Source data:
/---

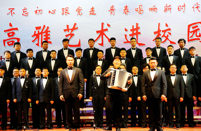 此次专场演出不仅给我校学子们带来了一场视觉上的享受,更加近距离的让学子们感受到了高雅艺术音乐与现代流行音乐这二者结合的魅力,为合唱艺术的新形式在青年中的推广起到了巨大的作用。整场音乐会在合唱《大江东去》、《美丽的夏牧场》、《忆秦娥•娄山关》中拉开帷幕。此次演出不仅有男声合唱,还有特色的男高音独唱、男声无伴奏小组唱、男声小合唱和女高音独唱,这些丰富多样的演出形式赢得了在场师生一轮又一轮的掌声。空灵婉转的歌声将同学们代入一个又一个美好的世界,让我们走进那一段又一段美妙音乐背后的故事,整场音乐会在男声合唱《卡林卡》饱含激情与力量的演绎下完美收场,直指人心、余音绕梁。乐声渐渐消失,内心的悸动却从未消退,用灵魂演绎音乐,给我们带来的远不止一场欢愉,更是一场生命的洗礼。
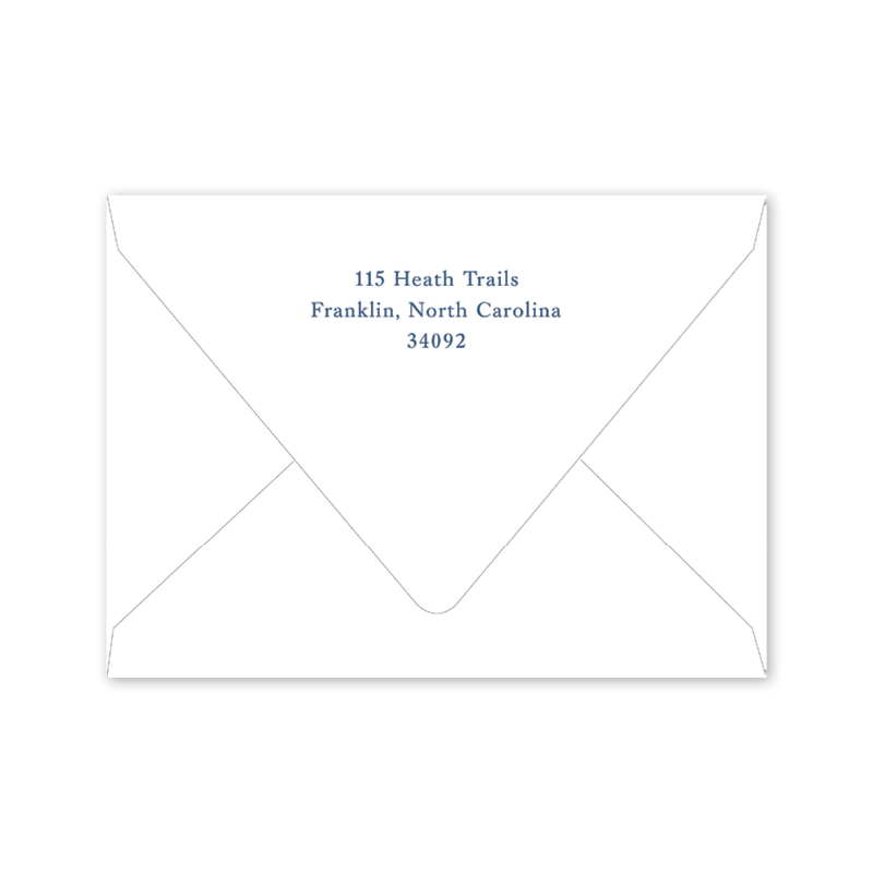 Enter your order quantity and check your total. Please enter your address EXACTLY like you want it printed on your envelope in the "Note" box below. Click Add to Cart. You will not receive a proof during the holidays (September 15 – December 31), unless your accompanying card requires a proof. If you do not include your address in the "Note" box or email it to Customer Service within 24 hours of placing your order, we will use your shipping address as the printed return address on your envelope.
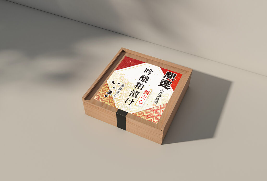 吟醸粕漬けの魚の切り身真空パックラベルデザイン 前提条件 デザインの説明 類似商品が並ぶ食品の棚であっても、しっかりと目にとめてもらえるよう華やかなカラーをメインに、プレゼントやお土産としてもご購入いただくことを考え、懸
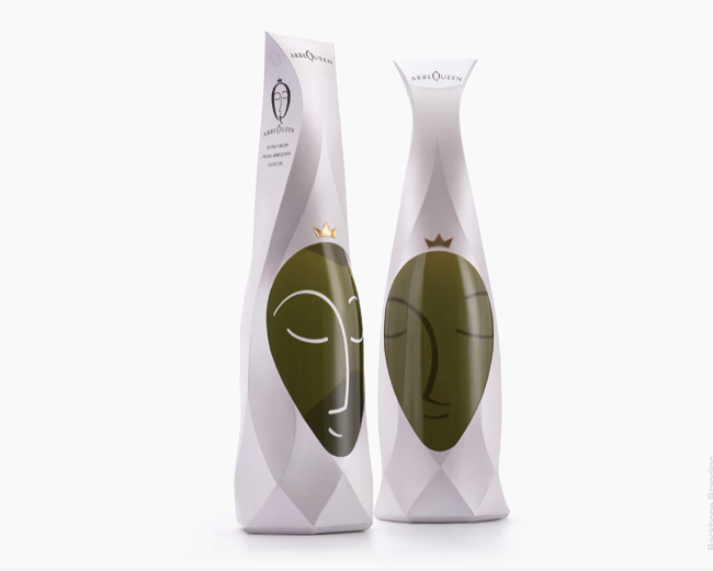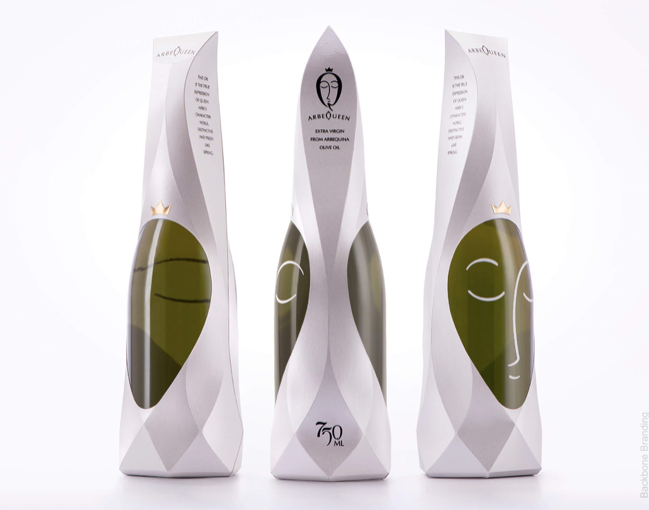 橄榄油品牌VI设计一种皇家头饰的效果,透过它可以看到橄榄形的瓶子,上面刻有女王脸的精美图案,由一整张纸制成。它旨在成为人们日常生活中的美丽装饰品。
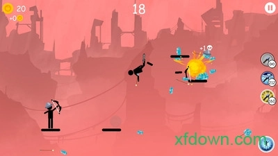 1、把控好力度与角度,持续战胜处于不同方位的火柴人对手;

\---

▶ **Work to be completed**:
Copy every line above exactly, leaving no picture in the copy.

▶ **Result for this task**:
 此次专场演出不仅给我校学子们带来了一场视觉上的享受,更加近距离的让学子们感受到了高雅艺术音乐与现代流行音乐这二者结合的魅力,为合唱艺术的新形式在青年中的推广起到了巨大的作用。整场音乐会在合唱《大江东去》、《美丽的夏牧场》、《忆秦娥•娄山关》中拉开帷幕。此次演出不仅有男声合唱,还有特色的男高音独唱、男声无伴奏小组唱、男声小合唱和女高音独唱,这些丰富多样的演出形式赢得了在场师生一轮又一轮的掌声。空灵婉转的歌声将同学们代入一个又一个美好的世界,让我们走进那一段又一段美妙音乐背后的故事,整场音乐会在男声合唱《卡林卡》饱含激情与力量的演绎下完美收场,直指人心、余音绕梁。乐声渐渐消失,内心的悸动却从未消退,用灵魂演绎音乐,给我们带来的远不止一场欢愉,更是一场生命的洗礼。
 Enter your order quantity and check your total. Please enter your address EXACTLY like you want it printed on your envelope in the "Note" box below. Click Add to Cart. You will not receive a proof during the holidays (September 15 – December 31), unless your accompanying card requires a proof. If you do not include your address in the "Note" box or email it to Customer Service within 24 hours of placing your order, we will use your shipping address as the printed return address on your envelope.
 吟醸粕漬けの魚の切り身真空パックラベルデザイン 前提条件 デザインの説明 類似商品が並ぶ食品の棚であっても、しっかりと目にとめてもらえるよう華やかなカラーをメインに、プレゼントやお土産としてもご購入いただくことを考え、懸
 橄榄油品牌VI设计一种皇家头饰的效果,透过它可以看到橄榄形的瓶子,上面刻有女王脸的精美图案,由一整张纸制成。它旨在成为人们日常生活中的美丽装饰品。
 1、把控好力度与角度,持续战胜处于不同方位的火柴人对手;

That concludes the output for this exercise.